Thursday, December 17, 2009

Last Words...

This summarizes what I've been doing in IT. Of all the people I worked with, I would say this is definitely the best group, everyone is technically capable and work ethics is superb. (I wont talk about process-oriented or management tasks: that is given).

And what is more awesome is to receive praises from these experts - similar to hitting 500K in Bejeweled Blitz hehe. During the last day (btw I'm proud to say i didnt cry!), one of the leads commented he has no idea how I managed to do these things when I was never in a single BRD (business requirements discovery) session and I also dont do ETL/OLAP development. I said I was just guessing from what I see. 'but your guesses are always correct'. So fun. :D (thank GOd I probably didnt have much booboos).

So that's it, I'm leaving this behind to do something else. Scary. Back to 0. Still the same goal: I want to retire!!! :p

Funny that I actually took time and managed to write down something related to work. DWH/SQL/data - whatever it is, it has become a part of me for the past 6.5years. I might not be vocal or expressive of things I appreciate. For the last time, I give credit when credit is due. Thanks for keeping me company and making me happy.

P.S. The time I speak the truth might be the time I bade goodbye. *sobs*

Data Checks (2 of 2)

Some more tips on analyzing incoming source data (referred as IFS in the telco project that I handled). Datawarehouse in a Nutshell: garbage in is garbage out. From a quality standpoint, throw away all the garbages before any app moves to production. The earlier it is detected, the less headaches, the cheaper. This again is part of the KT manual I created.

1. Most common issue is PK/integrity checks.
If there’s only one PK (natural key) stated in IFS specs, then IFS should not have two entries with the same natural key, this would result in Oracle constraint error during loading.
Product Code Desc Product Type
1 Class A 001
1 Class B 002

Possible course of action:
1) It could be source issue. Ask for Regen
2) Recheck data model. Maybe there’s a need to check whether natural key is defined correctly. There’s a possibility to explore addition of another new column, (eg. Product Type) which should be part of natural key to determine PK.


2. Not null columns.
Whatever primary columns or columns defined as not null in IFS specs, these columns should not be null in IFS.
Product Code Desc
1 Class A
Class B

Possible course of action: Ask for Regen


3. Unknown codes in Fact Tables
Logically, whatever codes submitted in Fact files should be present in Code tables, or else this would result to lookup failure:

Fact IFS:
Month Product Code Amount
200910 1 500
200910 3 400

Code IFS
Product Code Desc
1 Class A
2 Class B

Possible course of action:
1. If unknown code in Fact IFS is valid (product code = 3), then Code IFS should have regen.
2. If unknown code in Fact IFS is invalid, then Fact IFS should have regen.
3. Or customer can decide that it is ok to keep it as is.


4. Different Cases/Forms that cause mismatch during lookups
As pointed in above point#3, logically, whatever codes submitted in Fact files should be present in Code tables, or else this would resolve to lookup failure.

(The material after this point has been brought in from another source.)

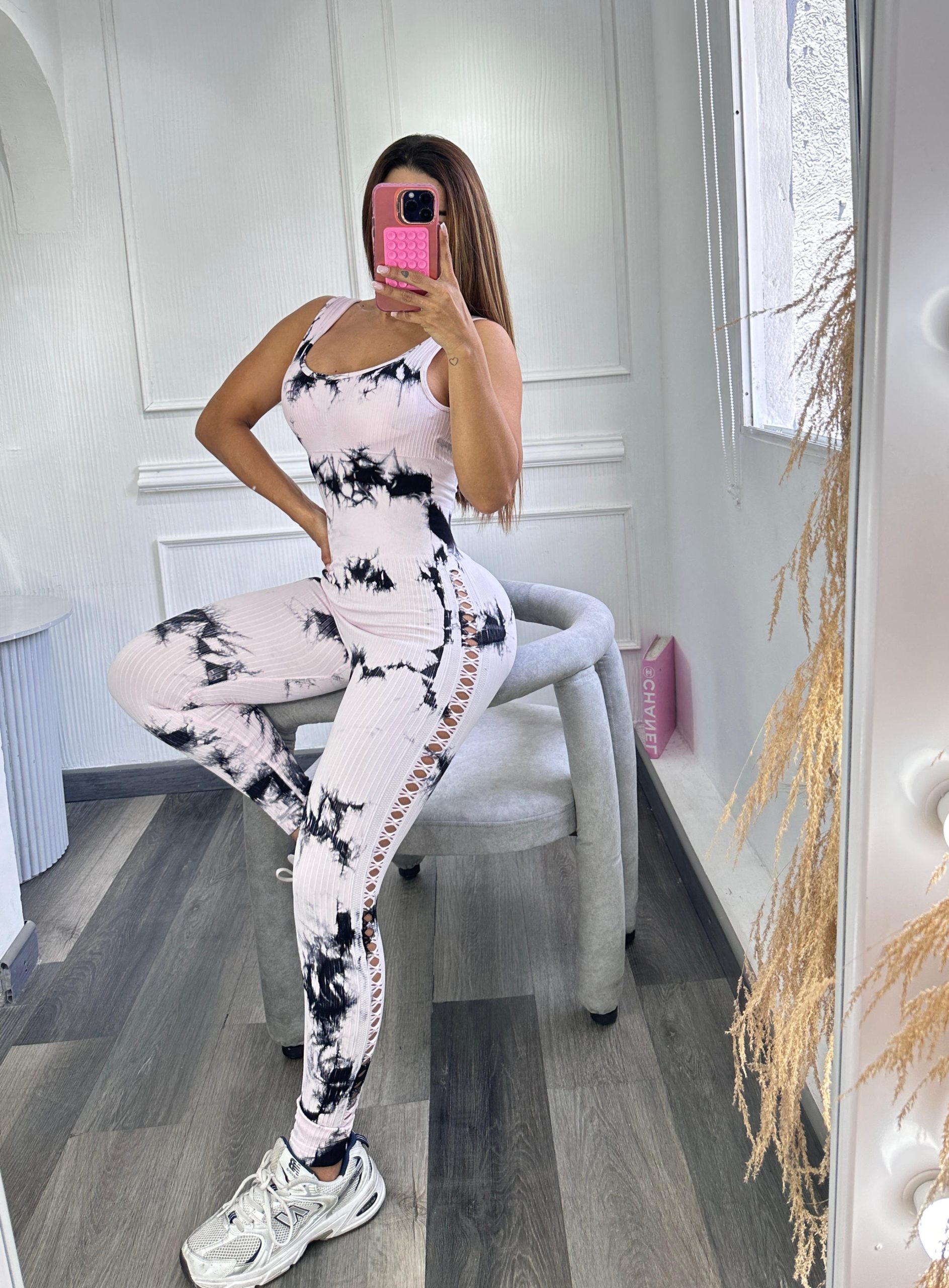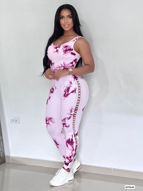 Enterizo Deportivo Tie-Dye con Detalles de Encaje Americano – Estilo, Comodidad y Tendencia

However there are times that manipulation is needed in ETL side to make the join to be successful. Eg: functions like: UPPER, LOWER, TO_CHAR, LTRIM, RTRIM, SUBSTR, ABS, etc.

Fact IFS:
Month Product Code Amount
200910 101a 500
200910 000203B 400

Code IFS
Product Code Desc
101A Class A
203B Class B

Closely looking at the values, the values do exist but not exactly in the same form. This should tell you that these are not really lookup failures.

Possible course of action:
1. Agree with client who should change which and what should be handled in ETL in their side or our side. Other than the agreed things, then whatever that still fails lookup is considered ‘valid’. Revisit the logic when more data has been loaded. Document such to have reference in the future.


5. Volume of Data
The volume of data should more or less be consistent. If a fact file contains 3M records on a daily basis, then it shouldn’t fall too low, eg 100k records. For additional info, data volume is tracked for several other purposes. This is usually checked in SIT.

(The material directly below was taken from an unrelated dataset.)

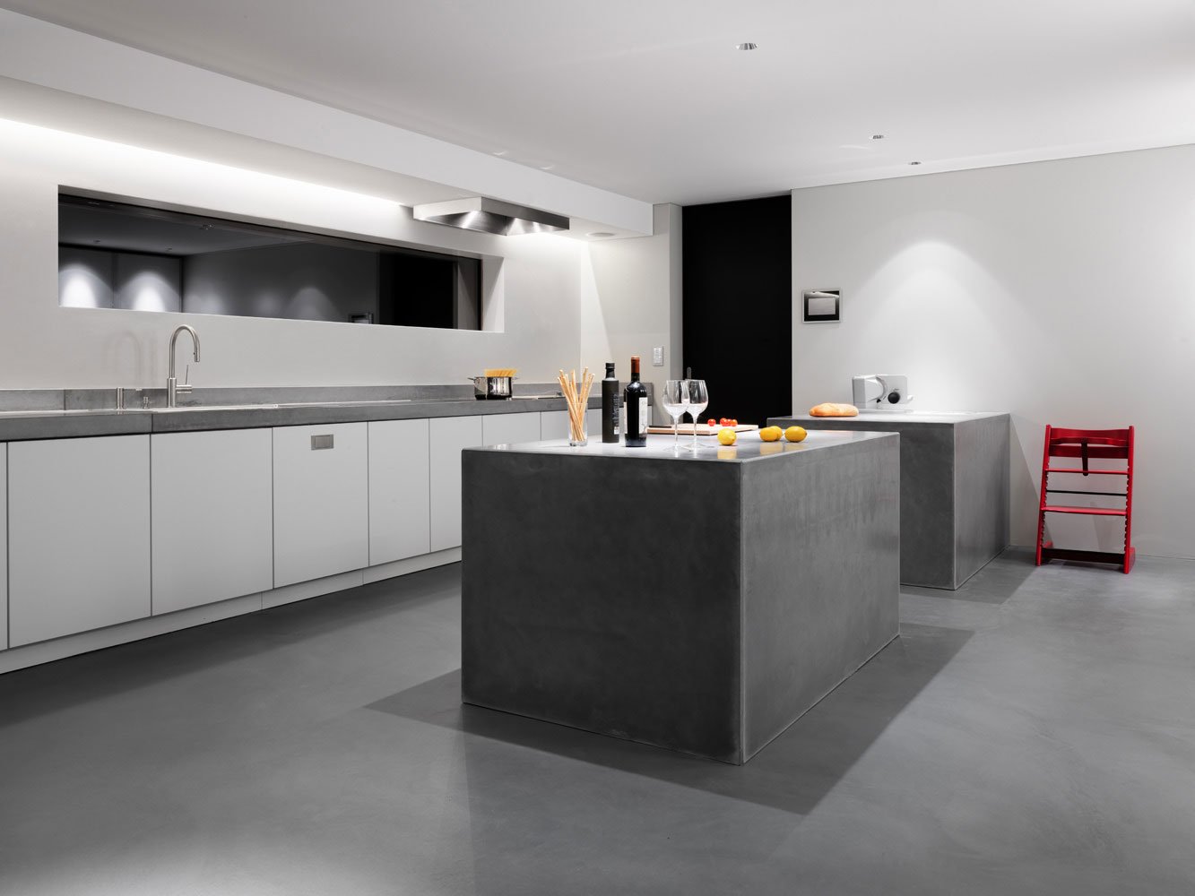 Designed by Ralph Germann Architects, the Contemporary Alpine House is influenced by the local farm buildings and the clients’ love for a good party. To prepare for the project, Germann visited the surrounding area and studied the vernacular architecture found there. The simple forms and volumes he observed reflect in the new construction. The rustic exterior, for example, shares its rectangular shapes and sharp lines with nearby farmhouses and barns. Cladded with larch, the facade balances hard and soft textures, serving as a distinguished and inviting first view of the house. On the inside, the house uses concrete and lime for the cool interior walls and larch for the furnishings, many of which were custom-made for the space. Decidedly more contemporary than the outside, the interior centers around entertaining. The home was built to accommodate parties of twenty people, and the open rooms with high ceilings welcome guests to fill the halls. Additional personal details lend the house warmth, sophistication, and recreation. In the den, for instance, a black steel fireplace radiates heat throughout the room. Meanwhile, a steel wall sculpture by Swiss artist Thierry Kupferschmid brings visual warmth to the hallway. In other areas of the house, light seems to spill from behind wood planks, illuminating the ceiling and the stairs with a barn-inspired glow. Upstairs, windows divide the library shelves and create a naturally-lit area for reading and writing, while, downstairs, in the basement, a spa and swimming pool offer the homeowners and their guests yet another way to relax. Photographs © Lionel Henriod

a. One is for tracking performance: comparing ETL processing time against different IFS files having different data volume.

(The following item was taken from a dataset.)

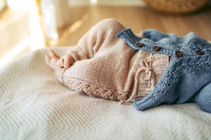 Die Ole Bukser ist eine schnellgestrickte Hose mit einem einfachen Ajourmusterstreifen an den Außenbeinen. Sie hat ein Langes Bauchbündchen, damit das kleine Bäuchlein in den Babygrößen immer schön warm gehalten wird. In den größeren Größen kann es dann umgeklappt oder ein Gummiband eingenäht werden. Durch das Umschlagbündchen an den Knöcheln wächst die Ole Bukser recht lange mit.

b. Another purpose is for is tracking compression (in comparison to aggregated tables), this is to check whether compression targets are met or not. If targets are not met, then there is a need to revisit design. Some columns might not be suitable to be part of the group by clause.

Possible course of action:
If IFS file suddenly has too low rowcount, it has to be informed to client to check from their source. This might need IFS regen from M1.


6. Other Common IFS Issues:
• Duplicates - same entry of exactly same records are sent twice.

• Default values. Default values as indicated in IFS specs are not followed. There are also cases where agreed values are Y or N, but in actual IFS, it is showing null values, X values, etc.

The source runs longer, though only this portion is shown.